|
Это был жалкий танец, трогательно démodée, старомодный, навеянный, как объяснила нам старшая, стихами Сапфо. В начале танцовщица, казалось, горела чистыми чувствами, голубое пламя сверкало в ее светлых глазах, но вскоре она сделалась вялой и безвольной, хотя подруга продолжала подстегивать ее вдохновенным властным взглядом, одновременно вполголоса рассказывая принцессе о священных танцах, о Платоне и о мраморной Афродите. Танцовщица медленно двигалась по маленькой сцене в красноватом свете двух ламп под абажурами из фиолетового атласа, под хриплый ритм граммофона поднимая и опуская то правую, то левую ногу, охватывая ладонями голову, то воздымая руки, то бросая их вдоль бедер в движении высшего отрешения, пока не остановилась и, поклонившись, не сказала с детской непосредственностью: «Je suis fatiguée», и уселась на подушку.
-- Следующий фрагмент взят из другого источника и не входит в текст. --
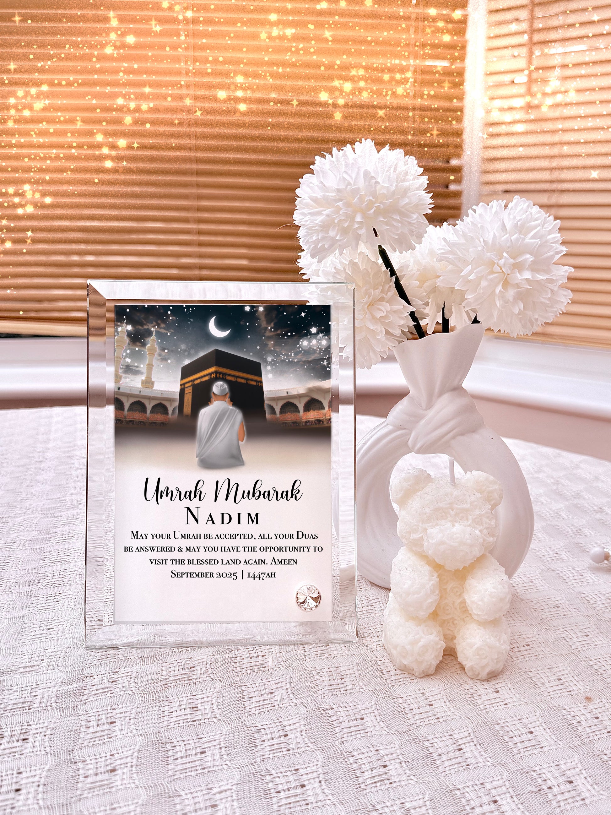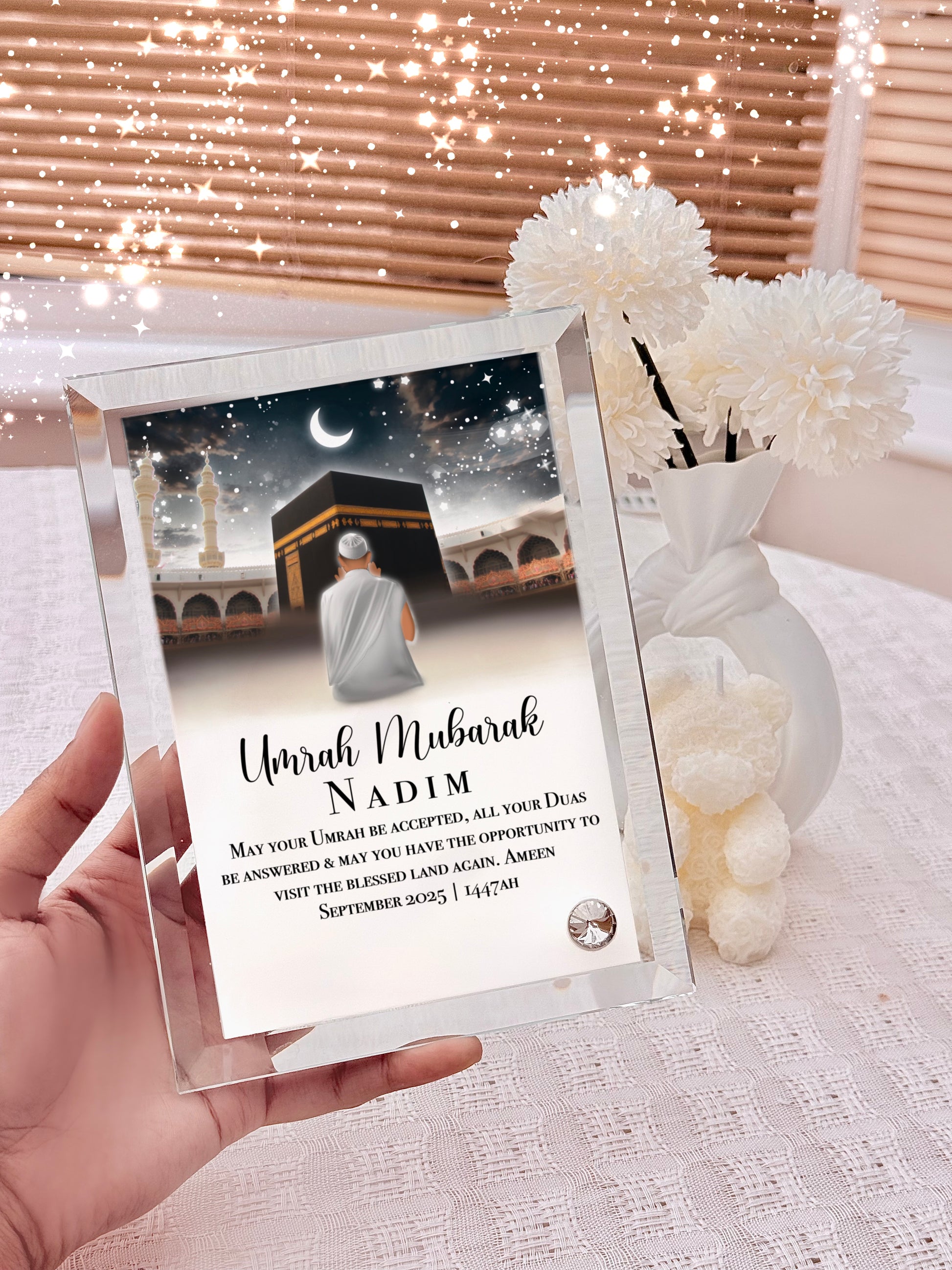 Umrah Mubarak Gift Mens Masjid Crystal Glass Frame with Personalised Names and Stand (18x13cm)

Подруга обняла ее, назвала petite chérie, милой крошкой, и, повернувшись к принцессе Пьемонтской, сказала: «N’est-ce pas qu’elle est merveilleuse, isn’t she?»)
– Знаете, о чем я думала в тот вечер, глядя на танец молодой американки? – спросила принцесса. – Я думала, что ее движения нечисты. Не хочу сказать, что в них была чувственность или не хватало целомудрия, нет, но они были неискренни и полны гордыни. Я часто спрашиваю себя, почему сейчас так трудно оставаться искренним? Вы не думаете, что нам не хватает смирения?
– У меня есть подозрение, что танец молодой американки только предлог для вас. Вы, наверное, думаете о чем-то другом.
– Да, наверное, о другом.
Немного помолчала и повторила:
– Вам не кажется, что нам не хватает смирения?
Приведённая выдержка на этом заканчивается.